本研究旨在探讨下半身肌肉结构与垂直跳跃表现之间的关系。25 名接受过抗阻训练的男性(年龄 23.3 ± 3.2 岁;身高 176.1 ± 7.4cm;体重 86.2 ± 11.6kg)同时参加了解剖学和跳跃表现测试。分析了外侧股四头肌(VL)和外侧腓肠肌(LG)的肌纤维束厚度、肌纤维束长度和羽状角。测量了深蹲跳(SJ)、反向跳(CMJ)和深度下落跳(DDJ)的跳跃高度以及相对和绝对功率。回归分析用于确定这些结构是否可以预测跳跃表现。VL 的测量值与任何跳跃测量值均无显著相关性。外侧腓肠肌羽状角是所有 3 种跳跃类型(SJ:r2 = 0.212,p = 0.021;CMJ:r2 = 0.186,p = 0.018;DDJ:r2 = 0.263,p = 0.005)的跳跃高度的显著但较弱的预测因子。当比较在增加预拉伸下的跳跃高度时,所有感兴趣的变量都不能显著预测 CMJ 和 SJ 之间的跳跃高度差异。然而,LG 肌纤维束长度与 DDJ-CMJ 呈弱但显著的负相关(r2 = 0.152;p = 0.031)。外侧腓肠肌厚度是所有跳跃类型和跳跃类型之间绝对功率的最强预测因子(SJ:r2 = 0.181,p = 0.034;CMJ:r2 = 0.201,p = 0.014;DDJ:r2 = 0.122,p = 0.049;CMJ-SJ:r2 = 0.201,p = 0.014;DDJ-CMJ:r2 = 0.146,p = 0.034)。

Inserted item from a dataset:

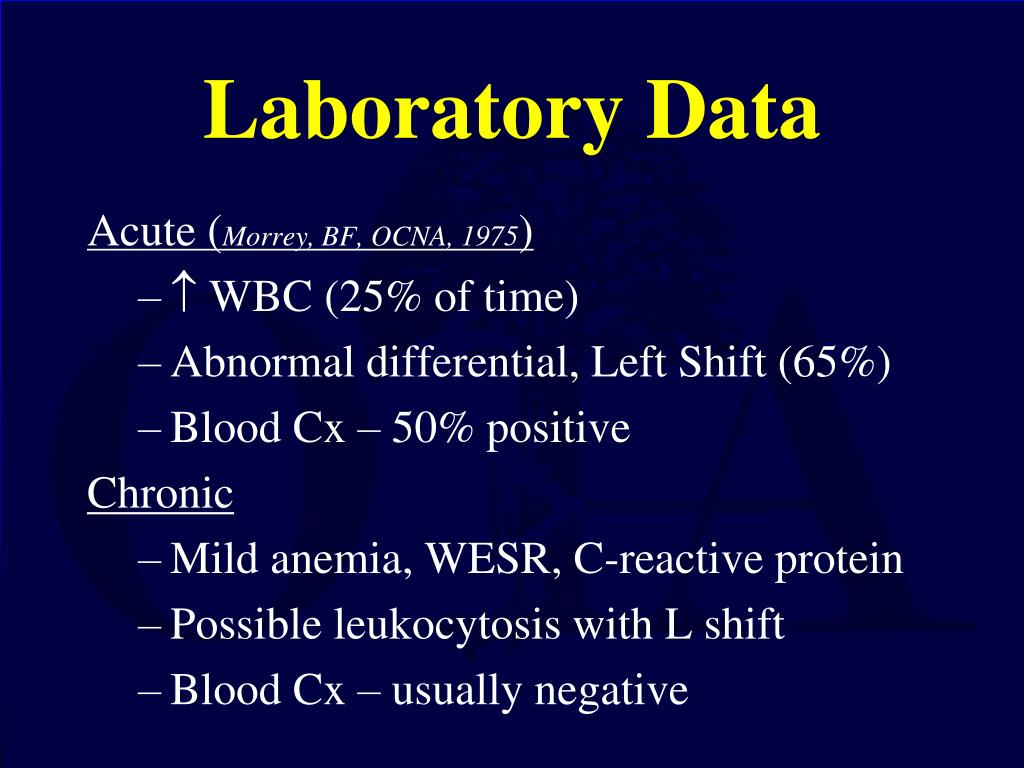 Laboratory Data Acute (Morrey, BF, OCNA, 1975) • WBC (25% of time) • Abnormal differential, Left Shift (65%) • Blood Cx – 50% positive Chronic • Mild anemia, WESR, C-reactive protein • Possible leukocytosis with L shift • Blood Cx – usually negative

外侧腓肠肌羽状角也是所有 3 种跳跃类型和跳跃类型之间相对功率的最佳预测因子(SJ:r2 = 0.172,p = 0.038;CMJ:r2 = 0.416,p = 0.000;DDJ:r2 = 0.167,p = 0.024;CMJ-SJ:r2 = 0.391,p = 0.000;DDJ-CMJ:r2 = 0.136,p = 0.039)。与以前关于短跑的研究结果不同,跳跃表现的结果表明,更大的羽状角和更短的肌纤维束,在增加预拉伸负荷时,积极预测跳跃能力,这强化了训练特异性的必要性。我们在抗阻训练男性中的发现表明,在跳跃对运动成功至关重要的情况下,人们可以从发展 LG 肌肉结构中受益,同时解决离心力量问题。